Protestant pastor Ahmet Guvener, a friend of Akbulut, called the priest repeatedly to convince him to flee the neighbourhood.
“The bombs started going off every hour. We called Father Yusuf multiple times to try to get him and his wife to leave,” Guvener told World Watch Monitor.
Guvener and Fr. Akbulut both said none of the attacks specifically targeted their churches, which are caught in the ongoing violence between the Turkish military and the PKK.
Fierce fighting has escalated across southeastern Turkey since the end of a two-year ceasefire in July 2015. Youth members of the PKK declared self-rule over large parts of Sur, digging trenches and building barricades to keep authorities out, according to Al-Monitor.
A military statement in the official Anadolu Agency said Turkish forces have so far killed 500 PKK fighters in the southeastern town of Cizre and 149 in Sur since December.
According to the pro-Kurdish People's Democratic Party (HDP), the government has imposed curfews on many predominantly Kurdish towns and cities. To date, at least 161 civilians, including dozens of children, have died in the violence.
An ‘indispensable’ holy site for Orthodox Christians
Fr. Akbulut was insistent that he stay in the church as long as possible, even at the risk of his own life. He considers the church indispensable for his congregation, and for Syriac Orthodox Christianity at large.
“I would not be able to live with myself if I abandoned the church," Fr.
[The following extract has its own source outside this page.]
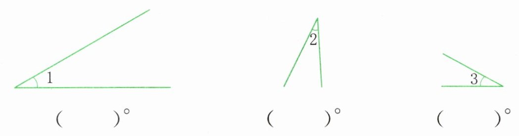 3. 度量一个角,角的顶点和量角器的中心重合,角的一条边对准内圈20°刻度线,另一条边对准外圈60°刻度线,这个角是(

Akbulut told the Assyrian International News Agency. “It is a symbol for us Assyrians and a symbol for all Christianity. This is a holy place."
The church is of enormous importance to Eastern Orthodoxy, having produced theologians and patriarchs in the early centuries of Christianity. It holds relics such as a piece of the cross and the bones of the apostle Thomas.
The Virgin Mary Church was recently renovated with funds collected from the Syriac diaspora in Europe. Artisans and masons restored the church's mosaics, hand-carved walnut tree doors, stone and brick walls, and silver lanterns.
Fr. Akbulut leads a congregation of 40 members. He speaks Syriac, a language closely related to Aramaic, the language of Jesus and his disciples.
The congregation represents a tiny remnant of Syriac Christianity, an ancient Eastern Rite Church still found in Iraq, Syria, Lebanon and Turkey.